Consistent with our prediction that price discrimination would be more likely under certain market conditions, in contrast to pop concerts, high-brow entertainment events, such as classical concerts, usually offer many seating categories (e.g., Huntington 1993); in their cross-sectional study of cable TV providers, Crawford and Shum (2007) report evidence that markets offering more cable packages tend to be “populated by households with greater tastes for cable service quality (Crawford and Shum 2007, p. 201).” Our results can also shed light on observed pricing practices in other industries. For example, buses and motels usually offer a single type of seats and rooms, and this contrasts with the standard features of trains and hotels that frequently serve upscale travelers.
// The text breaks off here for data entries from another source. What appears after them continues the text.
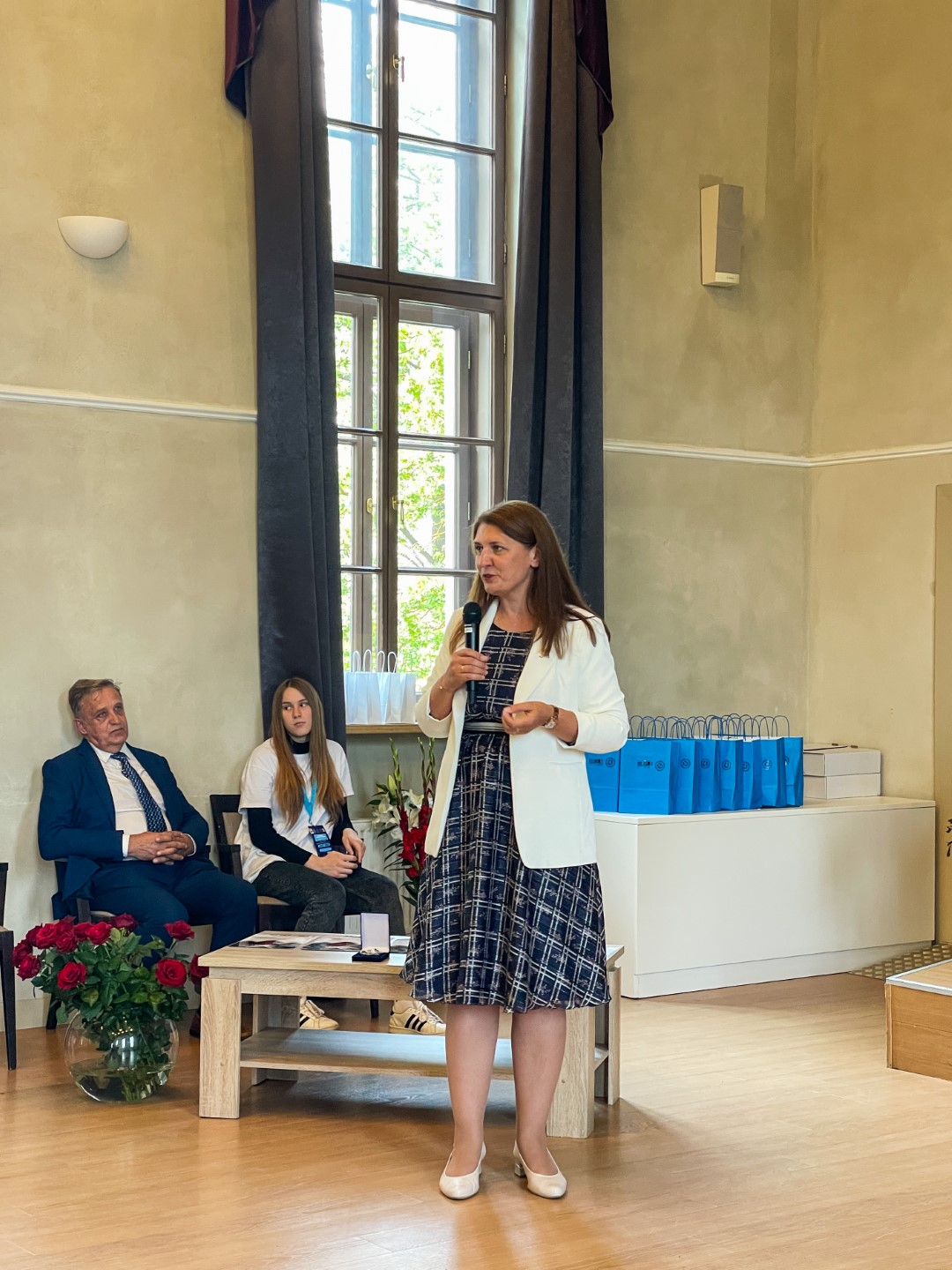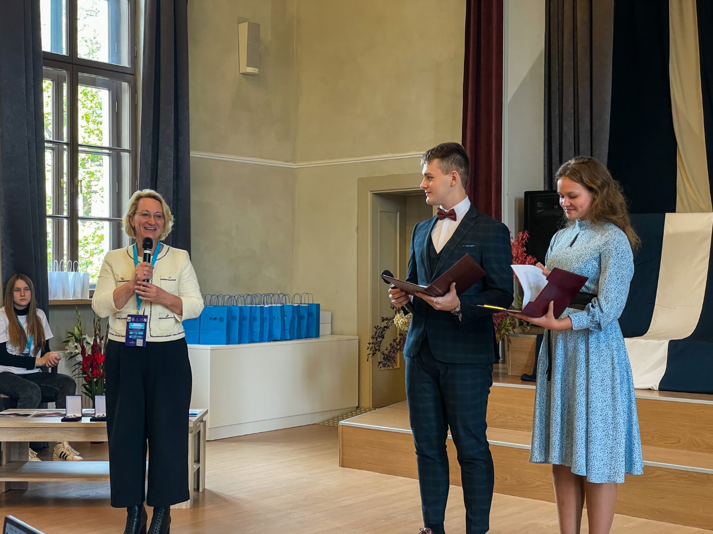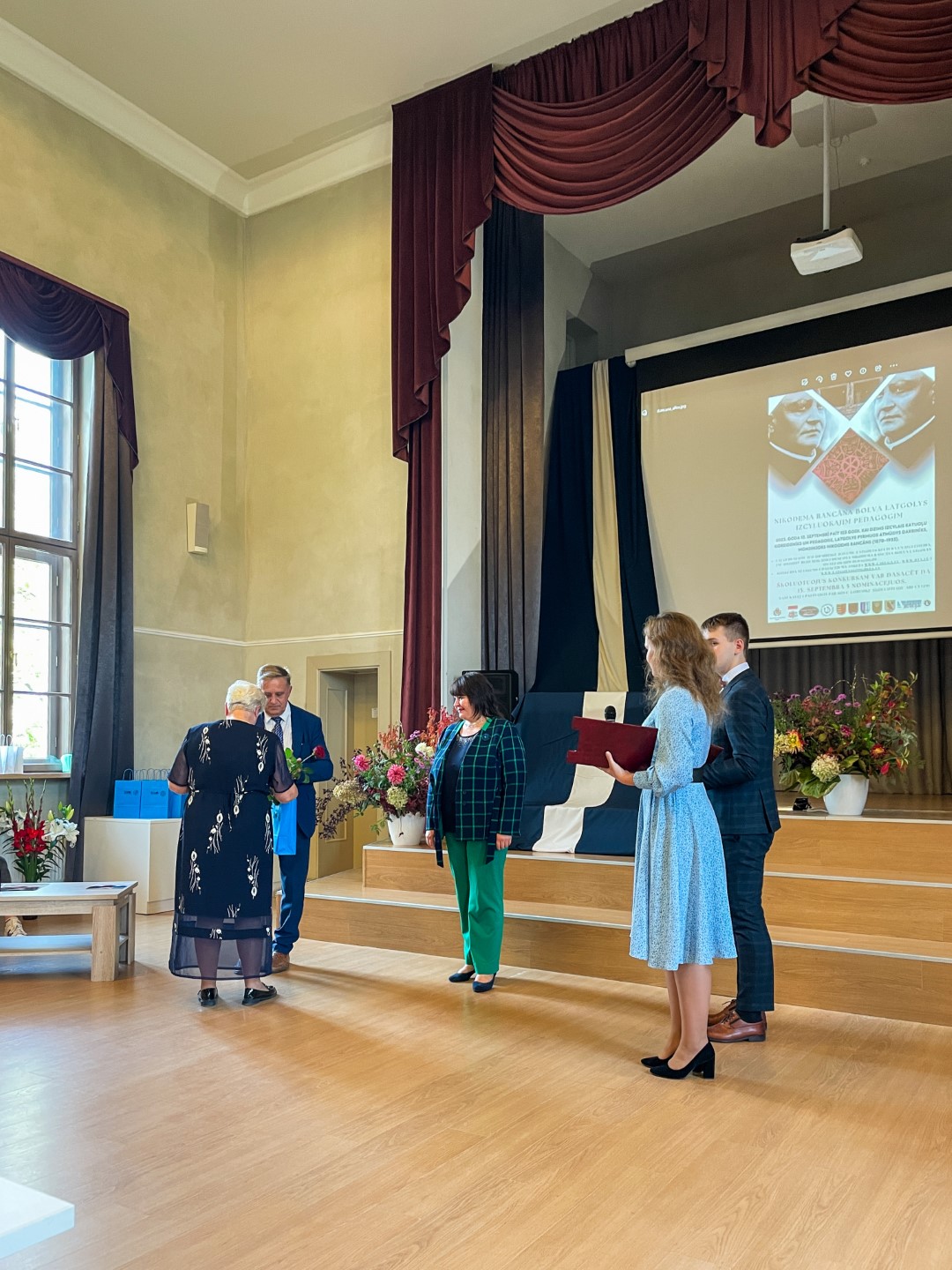 Nominacejā par rodūšu i psihologiski atbolstūšu pīeju vuiceibu ci studeju vidē bolvu sajēme Kruoslovys nūvoda Kruoslovys gimnazejis školuotuoja Ilga Stikute.
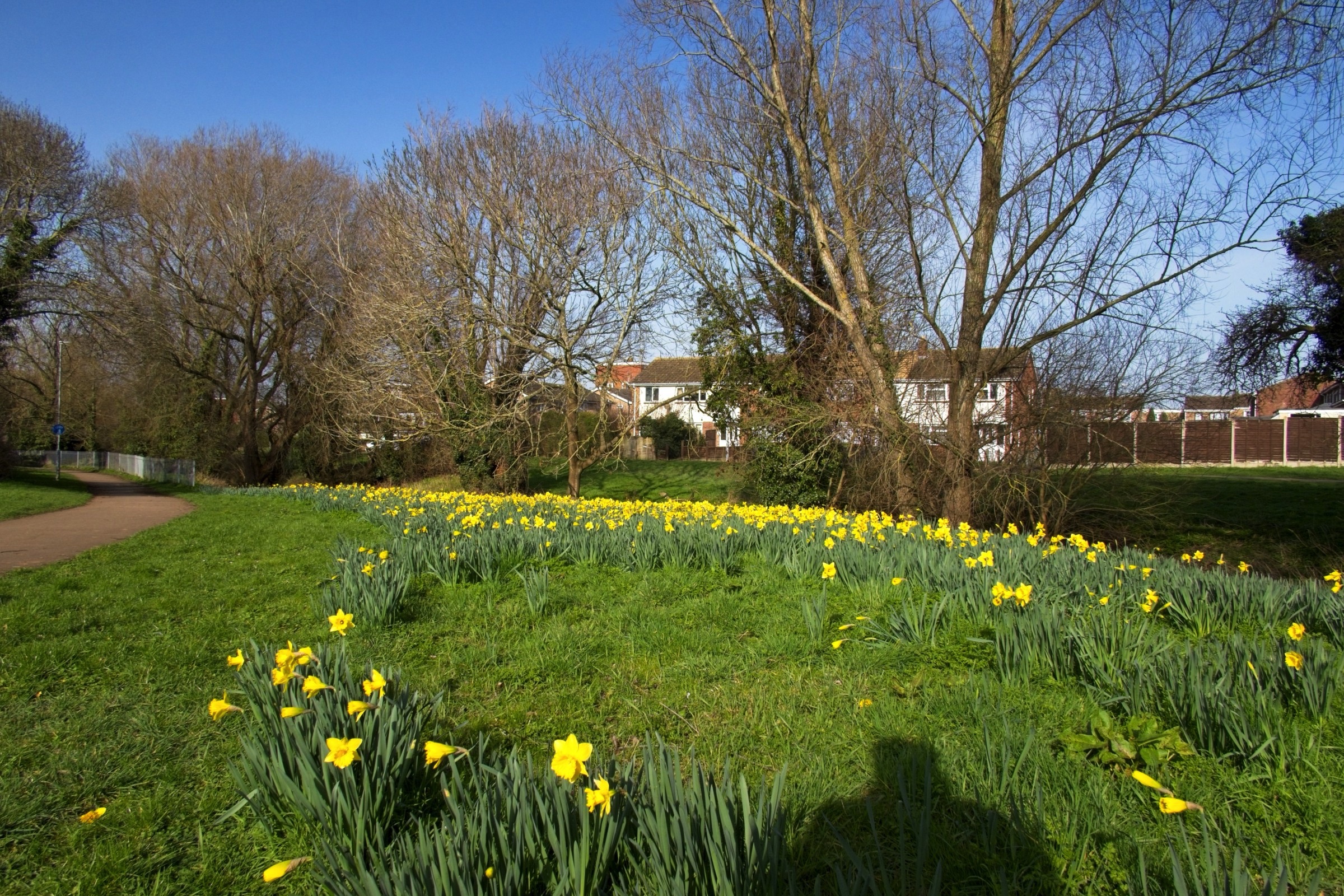 It has felt like spring this week and I am sure I can see the grass growing in my garden! A walk in the Swiss Garden presented a great view of one of the local red kites as it swooped through the trees. On the smaller side a 7-spot ladybird had chosen a gate lock as a place to sunbathe. The crocuses (maybe) and daffodils are popping up everywhere, including along the path that follows Hen Brook in town. With the sunshine comes nice lighting effects, through stained glass windows and around aeroplanes in the Engineering hanger. I am not counting chickens as I have certainly encountered winter in the past until around Easter time.
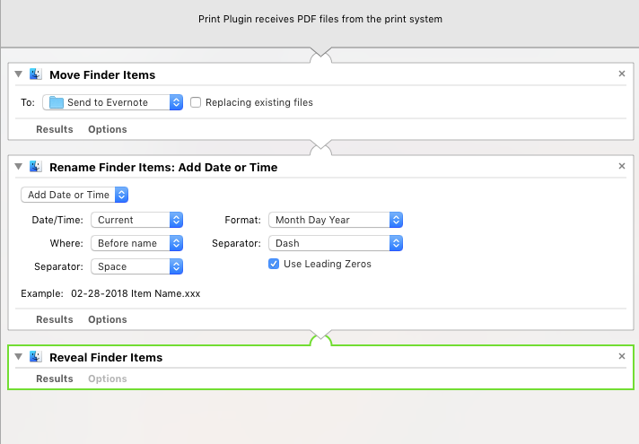 Note you may also want to make the following Print Plugin Automator Script which will allow you to "print" a PDF directly to that folder which will then be saved to Evernote for you. Just be sure to make sure both scripts point at the same folder.
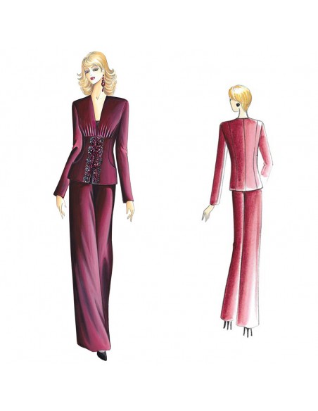 Elegante giacca consigliabile in velluto di seta rosso bordeaux, scollo a V con drappeggio, allacciatura bord-a-bord guarnita da pizzo nero con perline e tasche interne.
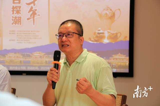 李炳炎参加“金山观潮”读城分享会,向观众介绍潮州古代陶瓷生产发展情况。黄敏璇 摄
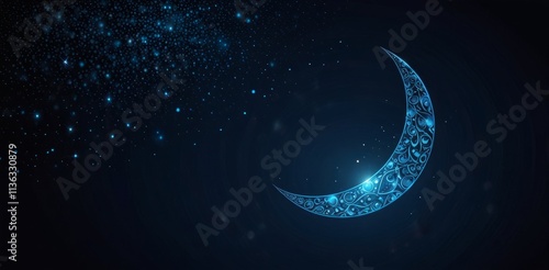 © yassine, Fototapeta premium Dark blue background Ramadan Kareem background banner. Islamic Greeting Cards for Muslim Holidays and Ramadan. banner with moon and stars.
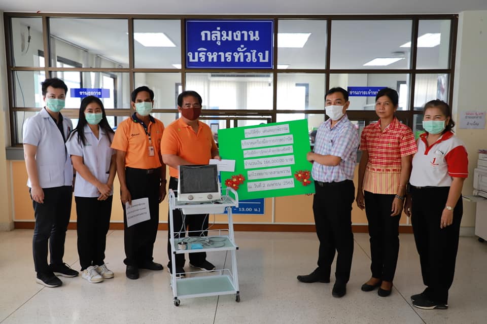 ซึ่งมี นพ.ทินกร ชื่นชม รองนายแพทย์สาธารณสุขจังหวัดนครปฐม รักษาการผอ.โรงพยาบาลสามพราน พร้อมคณะผู้บริหาร เป็นผู้รับมอบ เพื่อนำไปใช้ในการรักษาผู้ป่วยต่อไป

While we take the uncertainty to affect willingness to pay directly, variations in willingness to pay may arise from other sources, for example, income shocks. In such a case, however, the buyer should also realize gain–loss utility in that uncertain monetary dimension. Also, our model suggests that, contrary to common observations, reverse-screening can be optimal if the consumer is significantly loss averse (at least with only few consumer types). Interestingly, Ayres (1995) and Ayres and Siegelman (1995) found a case of car dealers who offered substantially lower prices to white consumers than to nonwhite consumers. Given the high willingness to pay estimated for white buyers, these authors suggested racial bias behind the observed practice. In a recent paper, however, Bang et al. (2014) provide a rational justification of such “reverse price discrimination.” Although these accounts are concerned with third-degree price discrimination, they suggest that reverse-screening may not be a mere theoretical possibility.